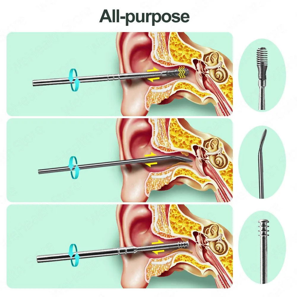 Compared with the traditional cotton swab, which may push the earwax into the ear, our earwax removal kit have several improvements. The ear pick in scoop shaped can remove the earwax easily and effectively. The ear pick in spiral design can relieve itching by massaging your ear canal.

━━━━━━

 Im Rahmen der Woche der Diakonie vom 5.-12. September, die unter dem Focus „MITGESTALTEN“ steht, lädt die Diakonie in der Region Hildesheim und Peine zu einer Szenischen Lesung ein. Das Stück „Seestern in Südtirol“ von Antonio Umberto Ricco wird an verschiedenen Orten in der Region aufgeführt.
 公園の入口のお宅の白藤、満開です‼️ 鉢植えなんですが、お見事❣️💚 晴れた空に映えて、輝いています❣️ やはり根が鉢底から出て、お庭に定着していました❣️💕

━━━━━━

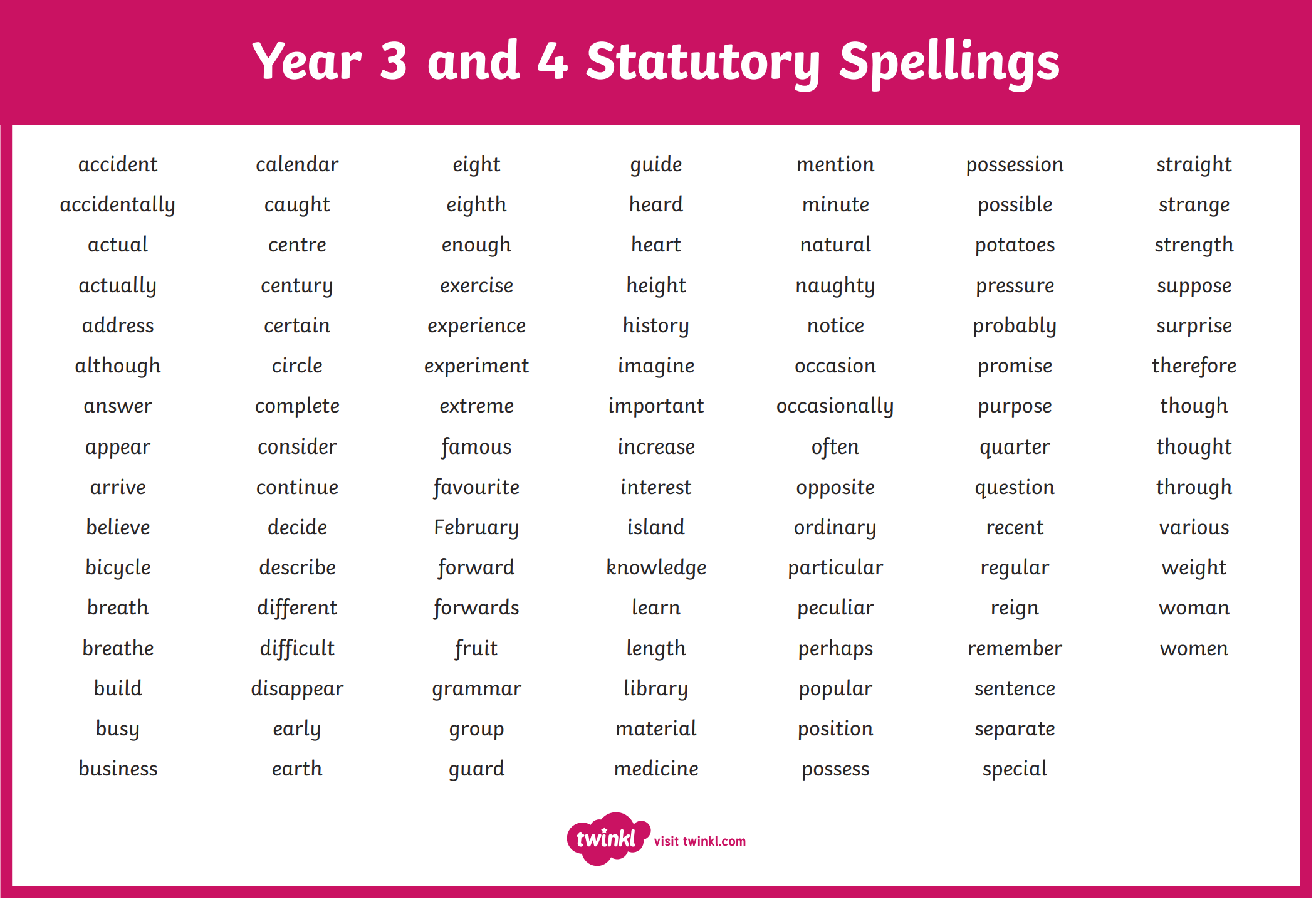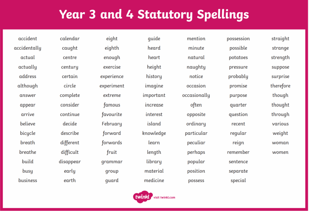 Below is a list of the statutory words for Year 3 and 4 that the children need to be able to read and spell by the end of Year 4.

━━━━━━

What you will do »
Retype the portion of the data above that starts on the line with "Im Rahmen der" and finishes on the line with "公園の入口のお宅の白藤、満開です‼️ 鉢植えなんですが、お見事❣️💚 晴れた空に映えて、輝いています❣️", including both of those lines.

Response to this exercise »
 Im Rahmen der Woche der Diakonie vom 5.-12. September, die unter dem Focus „MITGESTALTEN“ steht, lädt die Diakonie in der Region Hildesheim und Peine zu einer Szenischen Lesung ein. Das Stück „Seestern in Südtirol“ von Antonio Umberto Ricco wird an verschiedenen Orten in der Region aufgeführt.
 公園の入口のお宅の白藤、満開です‼️ 鉢植えなんですが、お見事❣️💚 晴れた空に映えて、輝いています❣️ やはり根が鉢底から出て、お庭に定着していました❣️💕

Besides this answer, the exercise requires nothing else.